MUMBAI: When the presses are rolling but patience runs out, even the editor’s chair isn’t safe. The Washington Post announced on Saturday that its chief executive and publisher Will Lewis is stepping down with immediate effect, bringing a sudden end to a turbulent two-year tenure marked by financial strain, newsroom unrest and public backlash.
Lewis’s exit comes just days after the Bezos-owned newspaper announced sweeping job cuts that triggered protests outside its Washington headquarters and a wave of anger from readers and staff. While newspapers across the US are grappling with shrinking revenues and digital disruption, Lewis’s leadership had increasingly come under fire for how those pressures were handled.
The Post confirmed that Jeff D’Onofrio, a former Tumblr CEO who joined the organisation last year as chief financial officer, has taken over as CEO and publisher, effective immediately. In an email to staff, later shared by reporters on social media, Lewis said it was “the right time for me to step aside.”
The leadership change follows the announcement of large-scale redundancies earlier this week. While the Post did not officially confirm numbers, The New York Times reported that around 300 of the paper’s roughly 800 journalists were laid off. Entire teams were dismantled, including the Post’s Middle East bureau and its Kyiv-based correspondent covering the war in Ukraine.

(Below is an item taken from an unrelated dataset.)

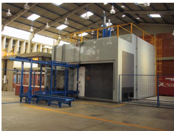
Figure 1: Multipurpose Gamma Irradiation Facility at the IPEN/SP and the schematic design of the cobalt-60 compact-type multipurpose irradiator.

Multipurpose Gamma Irradiation Facility at the IPEN, which is classified according to SSG-8 as category IV (panoramic wet source storage irradiators), Fig. 1. At the IPEN facility, the radioactive source is stored and fully shielded in a pool of 7 meters depth deionized water when not in use. Cobalt-60 source pencils (45 cm length and 1 cm diameter) are radiative material was encapsulated in corrosion resistant stainless steel such that gamma radiation can come through but not the radioactive material itself, eliminating the risk of contamination. The source pencils (48 units) were loaded into predetermined positions in source modules and distributing these modules over the source racks. The required source geometry is obtained by loading the source pencils. The racks are the structures that house all the source pencils enabling the movement of the source system from the bottom of the pool to the irradiation chamber level. The source is exposed within a radiation room that is kept inaccessible during operation by means of an entry control system.

Sports, graphics and local reporting were sharply reduced, and the paper’s daily podcast, Post Reports, was suspended. On Thursday, hundreds of journalists and supporters gathered outside the Post’s downtown office in protest, calling the cuts a blow to public-interest journalism.

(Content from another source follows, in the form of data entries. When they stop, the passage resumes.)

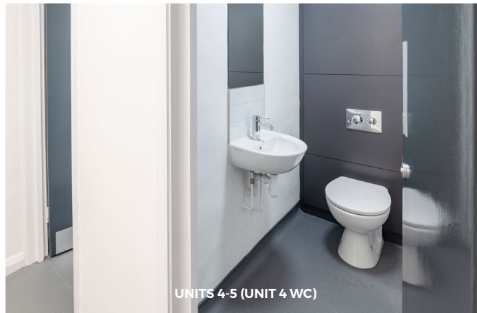
UNITS 4-5 (UNIT 4 WC)
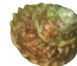
Wavy Turban Snail ( Lithopoma Undosum )
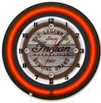
19" Neon Clock, Black Case
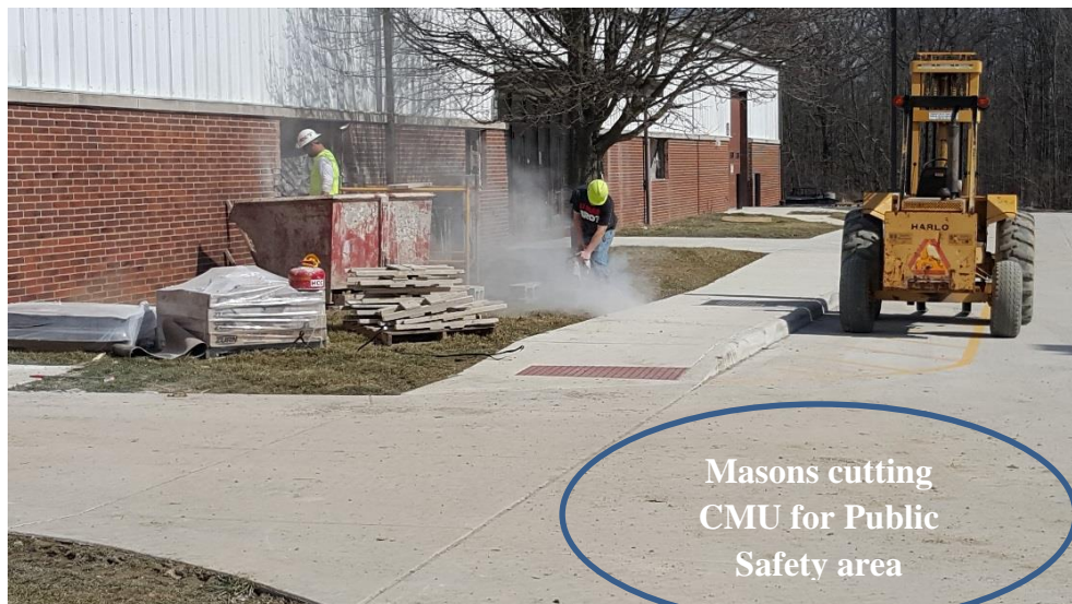
Masons cutting CMU for Public Safety area
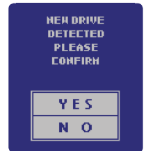
No Software or Drivers Mac, Linux and Windows Compatible

Former executive editor Marty Baron described the moment as “among the darkest days in the history of one of the world’s greatest news organisations.”
Lewis defended his record in his farewell note, saying “difficult decisions” were taken to secure the paper’s long-term future and protect its ability to publish “high-quality nonpartisan news”. But his tenure coincided with growing scrutiny of editorial independence at the Post.
Owner Jeff Bezos faced criticism for reining in the paper’s traditionally liberal editorial page and blocking an endorsement of Democratic presidential candidate Kamala Harris ahead of the 2024 US election. The move was widely seen as breaking the long-standing firewall between ownership and editorial decision-making.
According to a Wall Street Journal report, around 250,000 digital subscribers cancelled their subscriptions after the paper declined to endorse Harris. The Post reportedly lost about $100 million in 2024 as advertising and subscription revenues slid.
While the wider newspaper industry continues to battle declining print advertising and the pull of social media, some national titles have stabilised. Rivals such as The Wall Street Journal and The New York Times have managed to build sustainable digital businesses, a turnaround that has so far eluded the Post despite its billionaire backing.
As Jeff D’Onofrio steps into the role, the challenge is stark, restore confidence inside the newsroom, win back readers who walked away, and prove that one of America’s most storied newspapers can still find its footing in a brutally competitive media landscape.